▶ [Work to complete]: From the records that follow, return exactly the lines beginning at the one that contains "Includes: Foaming Facial" and ending at the one that contains "Lohaghat (22 km)", pictures left out.

▶ [Data section]:
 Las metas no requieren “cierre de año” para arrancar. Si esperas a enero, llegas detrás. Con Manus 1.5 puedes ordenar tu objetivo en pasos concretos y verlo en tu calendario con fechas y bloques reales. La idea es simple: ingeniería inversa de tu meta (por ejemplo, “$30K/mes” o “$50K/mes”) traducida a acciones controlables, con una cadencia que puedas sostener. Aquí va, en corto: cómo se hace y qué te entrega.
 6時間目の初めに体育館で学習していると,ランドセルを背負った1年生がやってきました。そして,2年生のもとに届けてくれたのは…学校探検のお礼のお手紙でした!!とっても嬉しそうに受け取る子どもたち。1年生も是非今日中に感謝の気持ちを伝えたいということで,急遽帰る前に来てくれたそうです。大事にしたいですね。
...
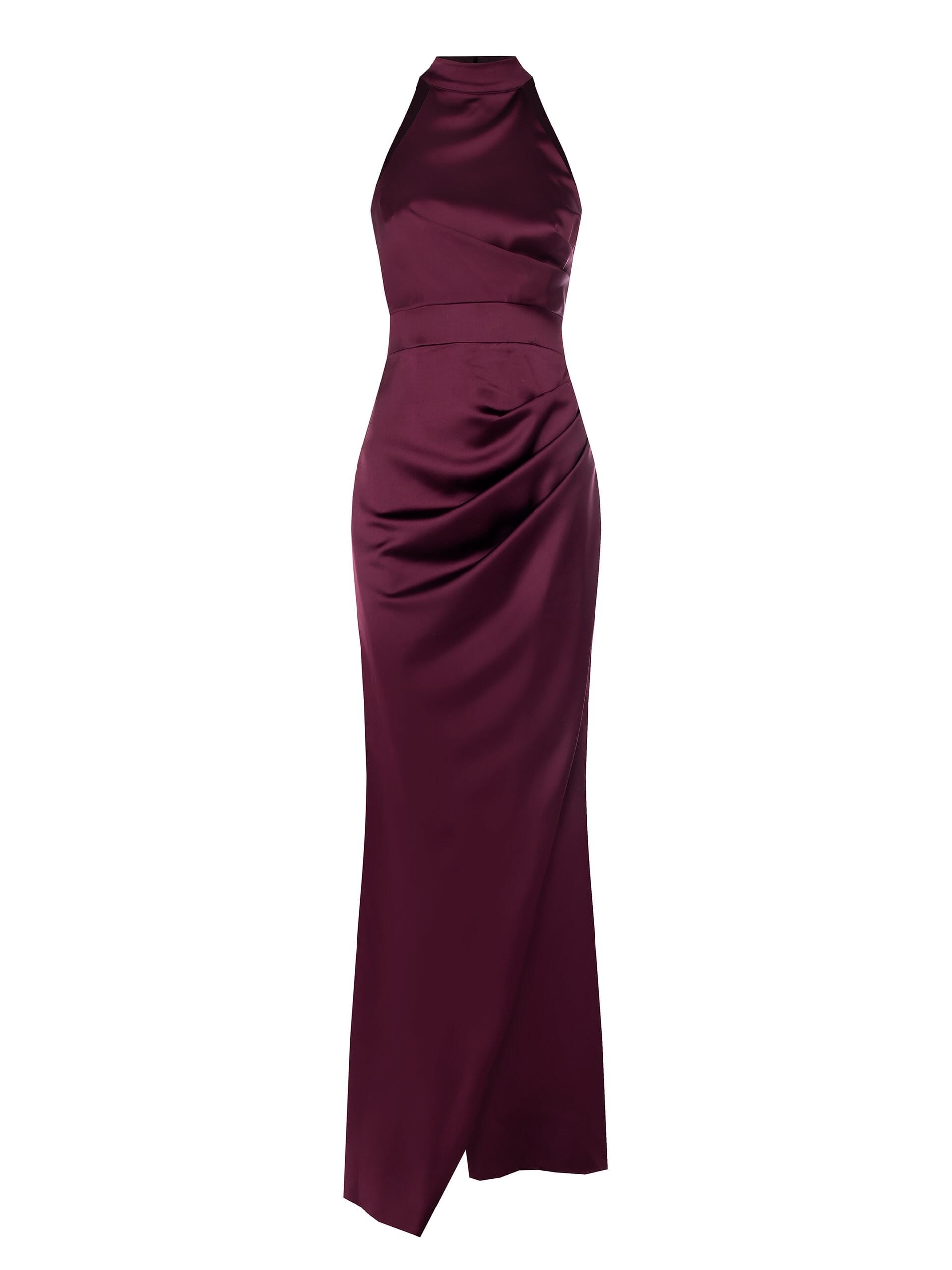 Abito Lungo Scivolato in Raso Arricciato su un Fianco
--
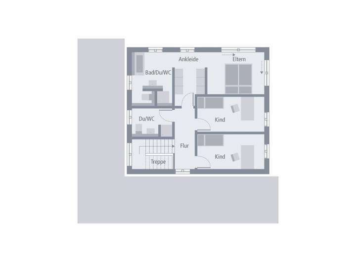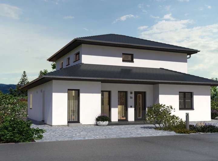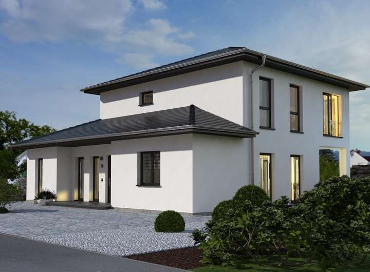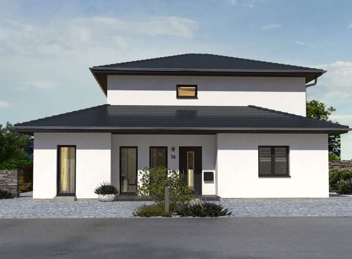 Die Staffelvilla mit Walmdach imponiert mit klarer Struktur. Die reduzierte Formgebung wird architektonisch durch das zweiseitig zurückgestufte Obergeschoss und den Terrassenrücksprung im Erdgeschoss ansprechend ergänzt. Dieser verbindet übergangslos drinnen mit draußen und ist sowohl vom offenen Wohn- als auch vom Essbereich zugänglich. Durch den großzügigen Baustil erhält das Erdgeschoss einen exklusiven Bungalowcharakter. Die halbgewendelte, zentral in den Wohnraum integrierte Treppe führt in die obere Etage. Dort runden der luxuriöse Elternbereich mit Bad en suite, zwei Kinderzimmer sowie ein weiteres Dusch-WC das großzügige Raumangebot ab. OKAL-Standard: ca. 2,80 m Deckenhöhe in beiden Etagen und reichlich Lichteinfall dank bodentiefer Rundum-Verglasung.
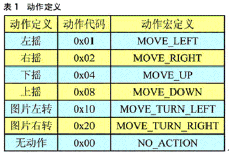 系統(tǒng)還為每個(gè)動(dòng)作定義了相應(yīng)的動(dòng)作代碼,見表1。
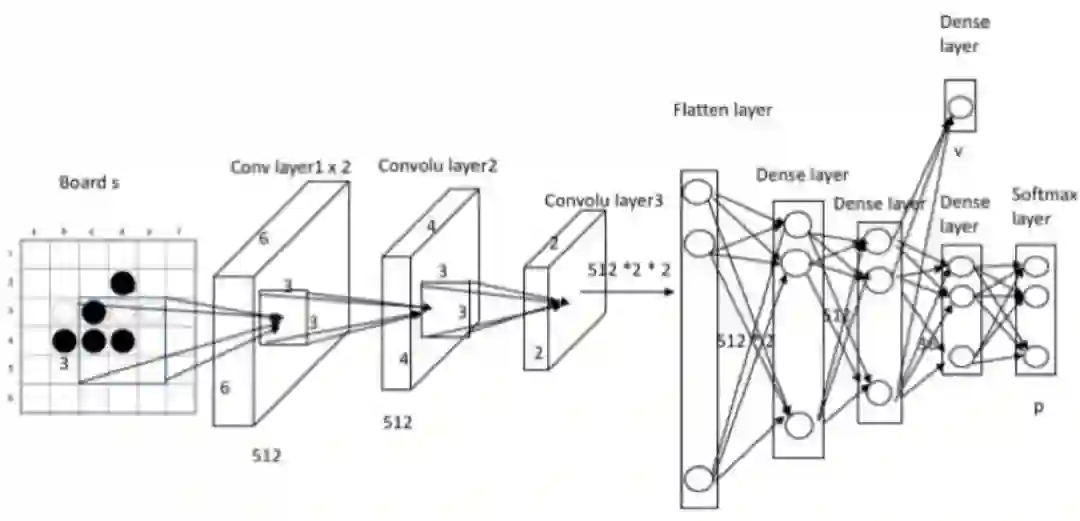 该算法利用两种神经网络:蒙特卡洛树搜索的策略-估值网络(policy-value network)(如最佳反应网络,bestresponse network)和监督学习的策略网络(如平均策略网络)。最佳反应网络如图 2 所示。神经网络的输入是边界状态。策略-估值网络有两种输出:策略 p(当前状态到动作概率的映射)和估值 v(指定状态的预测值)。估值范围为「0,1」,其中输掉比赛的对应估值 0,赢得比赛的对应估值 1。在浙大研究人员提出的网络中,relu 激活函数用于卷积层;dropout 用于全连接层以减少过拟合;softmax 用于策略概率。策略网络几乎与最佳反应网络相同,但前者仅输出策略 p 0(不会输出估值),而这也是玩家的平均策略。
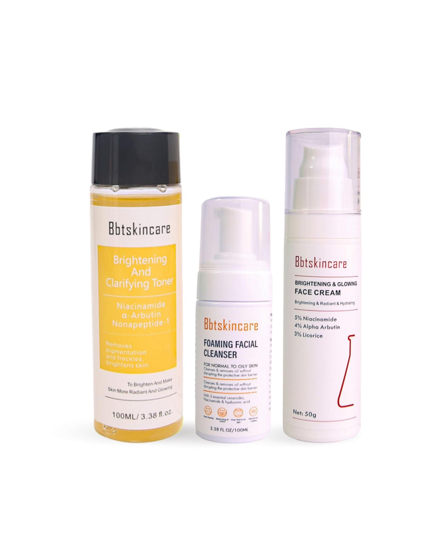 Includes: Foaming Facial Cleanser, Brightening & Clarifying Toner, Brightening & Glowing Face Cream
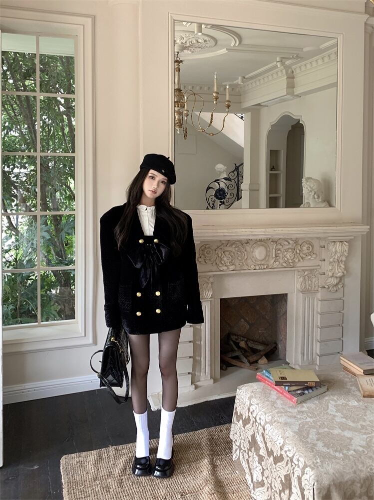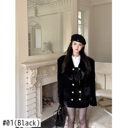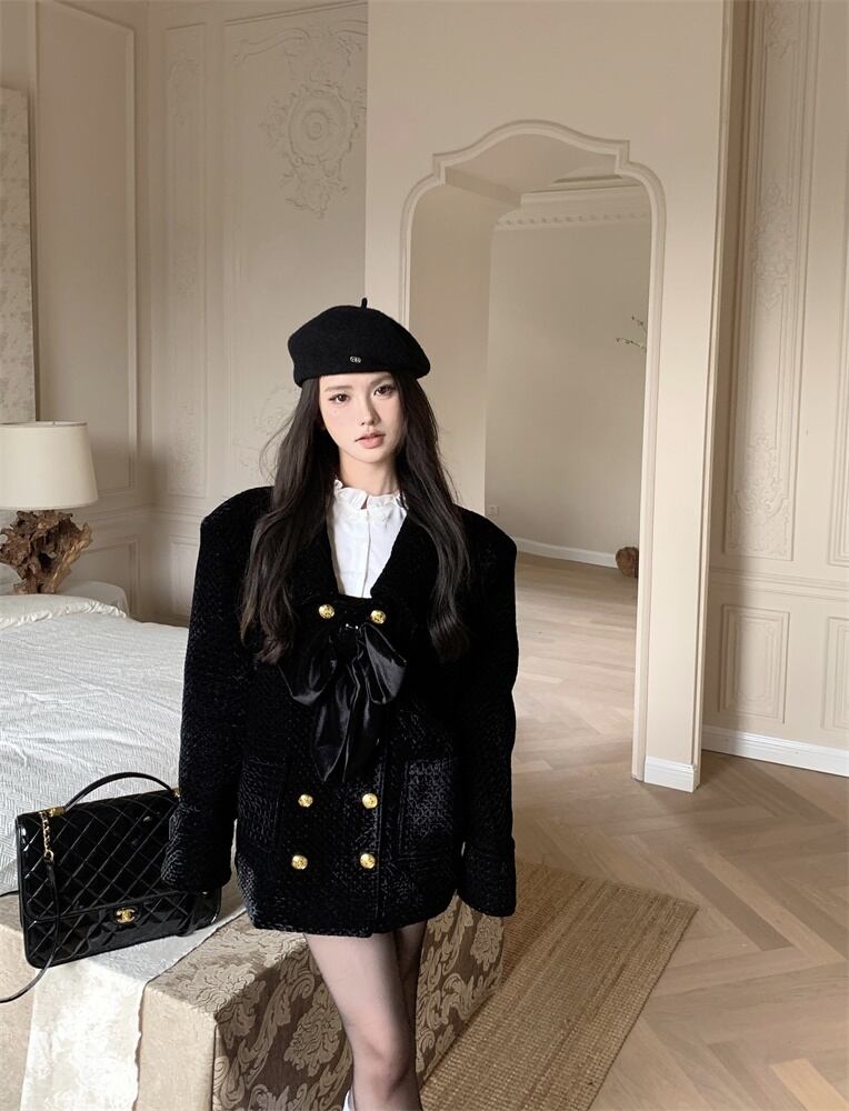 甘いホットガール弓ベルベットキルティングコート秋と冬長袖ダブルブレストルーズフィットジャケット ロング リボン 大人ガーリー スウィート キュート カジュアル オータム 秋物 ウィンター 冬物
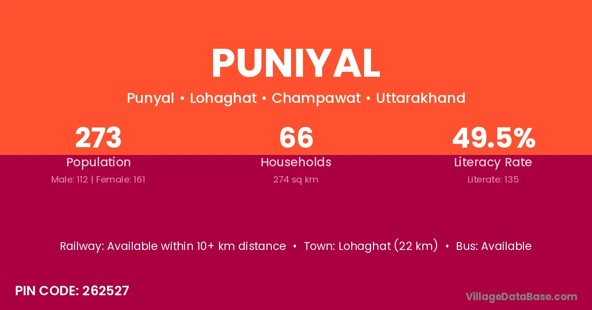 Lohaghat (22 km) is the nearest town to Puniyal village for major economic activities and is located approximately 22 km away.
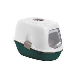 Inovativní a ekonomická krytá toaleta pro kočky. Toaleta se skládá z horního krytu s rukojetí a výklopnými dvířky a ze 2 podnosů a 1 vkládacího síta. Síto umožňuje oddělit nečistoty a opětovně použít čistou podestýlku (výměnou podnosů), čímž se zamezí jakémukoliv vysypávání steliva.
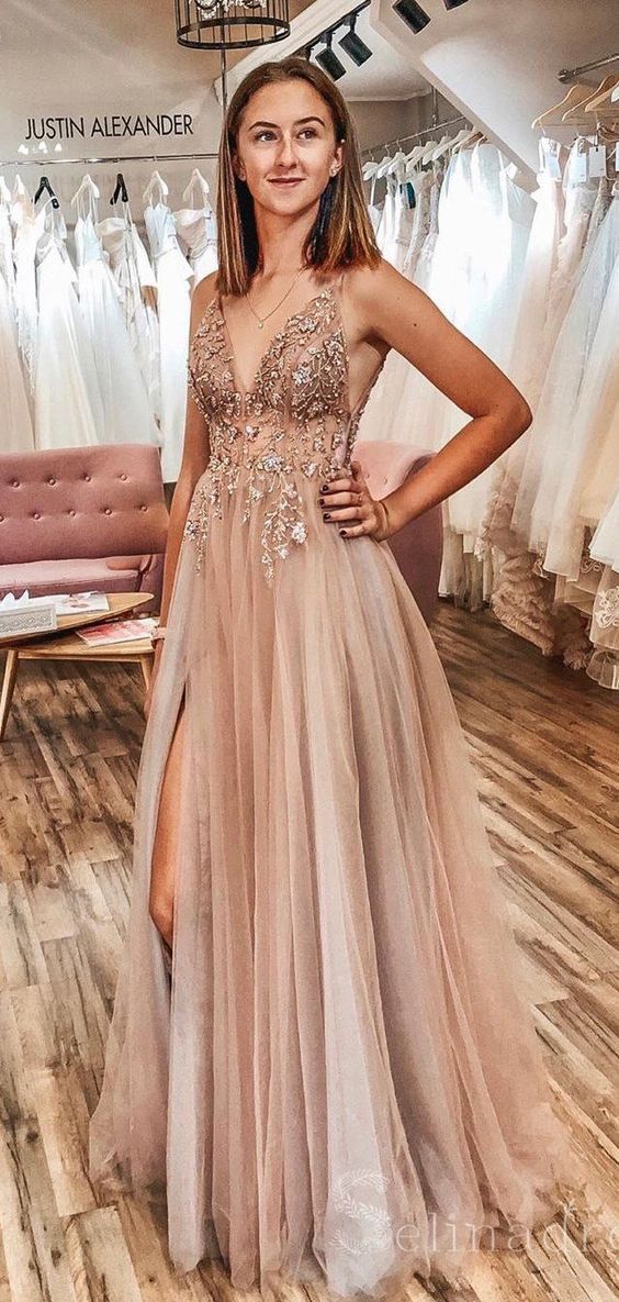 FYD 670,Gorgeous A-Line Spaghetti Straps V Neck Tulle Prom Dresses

▶ [Result of the task]:
 Includes: Foaming Facial Cleanser, Brightening & Clarifying Toner, Brightening & Glowing Face Cream
 甘いホットガール弓ベルベットキルティングコート秋と冬長袖ダブルブレストルーズフィットジャケット ロング リボン 大人ガーリー スウィート キュート カジュアル オータム 秋物 ウィンター 冬物
 Lohaghat (22 km) is the nearest town to Puniyal village for major economic activities and is located approximately 22 km away.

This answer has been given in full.